- **Exercise requirements**
Take the records below and set down exactly the lines from the one with "The third win" to the one with "La plateforme assis-debout", ends included; do not copy the pictures.

- **Data for this task**

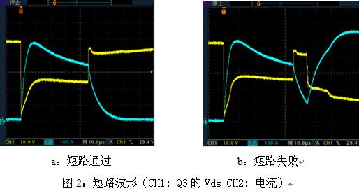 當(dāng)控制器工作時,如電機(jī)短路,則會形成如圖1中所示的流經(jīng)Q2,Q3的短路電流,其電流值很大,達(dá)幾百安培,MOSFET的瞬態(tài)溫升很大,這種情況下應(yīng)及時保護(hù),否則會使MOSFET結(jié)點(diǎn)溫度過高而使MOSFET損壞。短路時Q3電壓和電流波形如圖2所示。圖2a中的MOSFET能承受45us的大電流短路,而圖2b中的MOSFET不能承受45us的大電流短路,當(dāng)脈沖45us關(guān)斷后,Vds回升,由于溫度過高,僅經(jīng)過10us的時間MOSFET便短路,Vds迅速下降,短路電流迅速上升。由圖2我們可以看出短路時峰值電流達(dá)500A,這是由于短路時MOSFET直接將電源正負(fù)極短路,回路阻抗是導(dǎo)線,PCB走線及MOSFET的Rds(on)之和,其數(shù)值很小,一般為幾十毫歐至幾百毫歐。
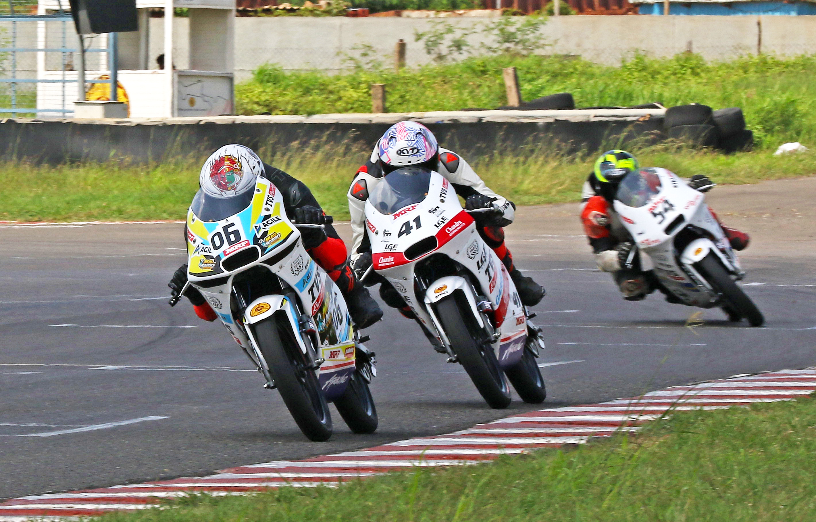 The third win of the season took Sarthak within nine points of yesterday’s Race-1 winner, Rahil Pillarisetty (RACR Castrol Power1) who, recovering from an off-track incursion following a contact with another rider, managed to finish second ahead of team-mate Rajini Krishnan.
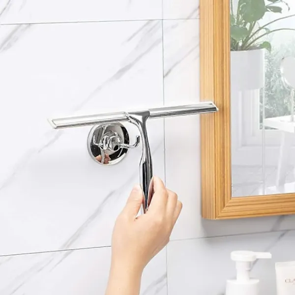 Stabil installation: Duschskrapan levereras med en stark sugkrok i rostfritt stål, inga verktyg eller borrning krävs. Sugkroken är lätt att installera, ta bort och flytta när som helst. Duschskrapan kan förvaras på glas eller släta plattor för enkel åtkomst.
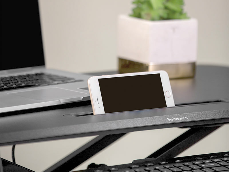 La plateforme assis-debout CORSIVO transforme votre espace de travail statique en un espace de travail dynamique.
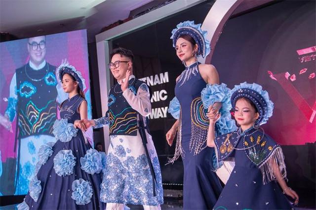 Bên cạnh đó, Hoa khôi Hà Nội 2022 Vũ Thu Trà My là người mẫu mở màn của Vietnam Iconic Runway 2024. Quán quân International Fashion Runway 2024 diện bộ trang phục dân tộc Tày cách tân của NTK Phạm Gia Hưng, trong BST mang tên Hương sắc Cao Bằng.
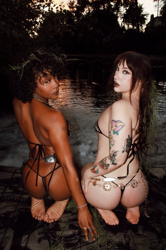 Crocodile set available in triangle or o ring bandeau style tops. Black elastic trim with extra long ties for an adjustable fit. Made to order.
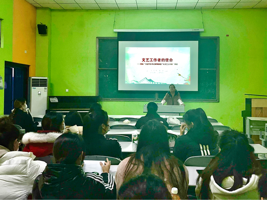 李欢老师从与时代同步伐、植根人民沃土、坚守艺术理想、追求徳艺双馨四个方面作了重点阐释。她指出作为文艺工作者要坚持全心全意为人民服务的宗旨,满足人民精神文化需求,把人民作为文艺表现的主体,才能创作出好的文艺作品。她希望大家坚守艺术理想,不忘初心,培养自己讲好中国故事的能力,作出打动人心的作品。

--

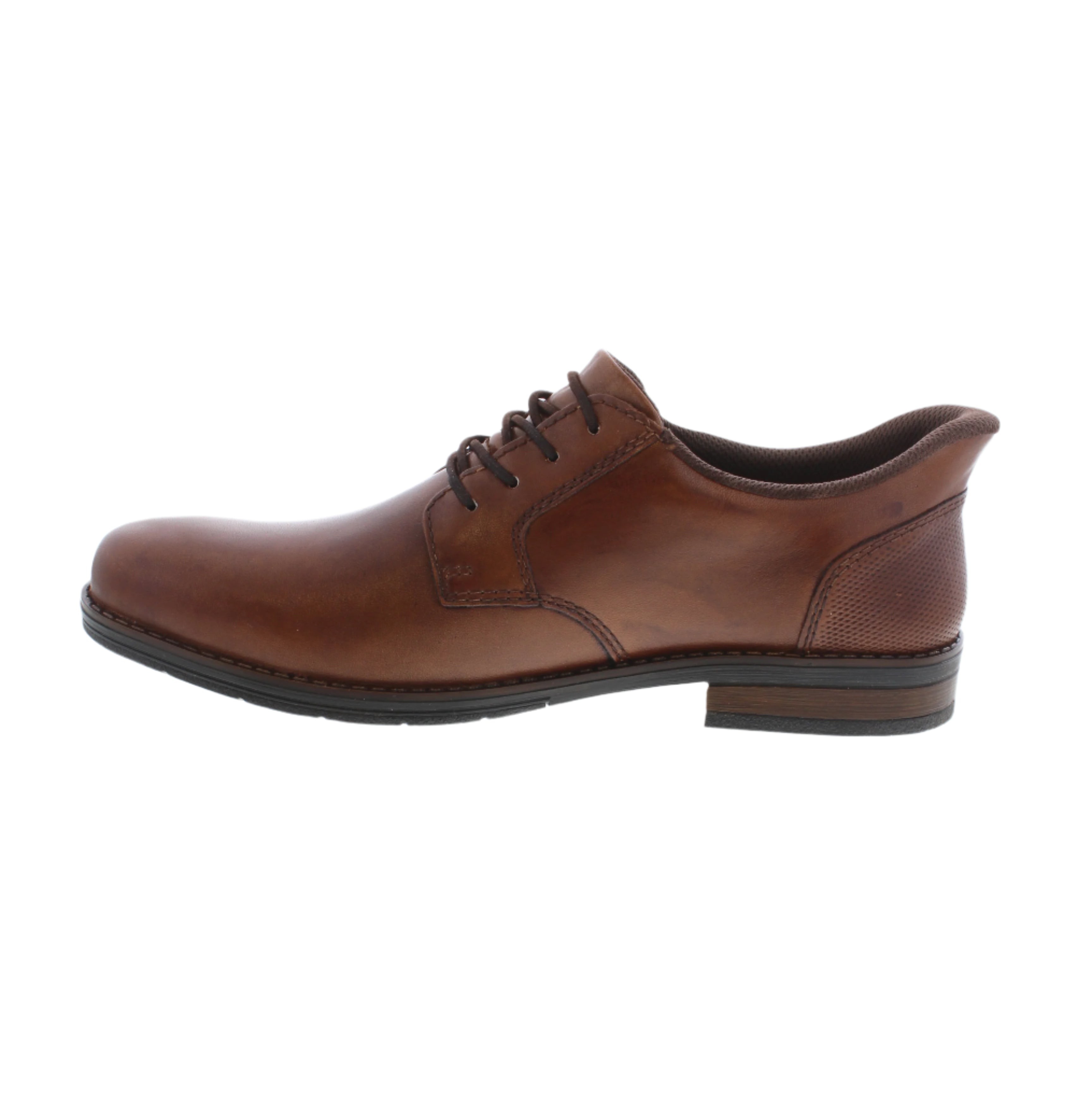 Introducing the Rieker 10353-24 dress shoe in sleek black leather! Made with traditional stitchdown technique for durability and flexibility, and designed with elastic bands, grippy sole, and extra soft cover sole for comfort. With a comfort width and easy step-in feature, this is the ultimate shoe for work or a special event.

- **Result of the task**
 The third win of the season took Sarthak within nine points of yesterday’s Race-1 winner, Rahil Pillarisetty (RACR Castrol Power1) who, recovering from an off-track incursion following a contact with another rider, managed to finish second ahead of team-mate Rajini Krishnan.
 Stabil installation: Duschskrapan levereras med en stark sugkrok i rostfritt stål, inga verktyg eller borrning krävs. Sugkroken är lätt att installera, ta bort och flytta när som helst. Duschskrapan kan förvaras på glas eller släta plattor för enkel åtkomst.
 La plateforme assis-debout CORSIVO transforme votre espace de travail statique en un espace de travail dynamique.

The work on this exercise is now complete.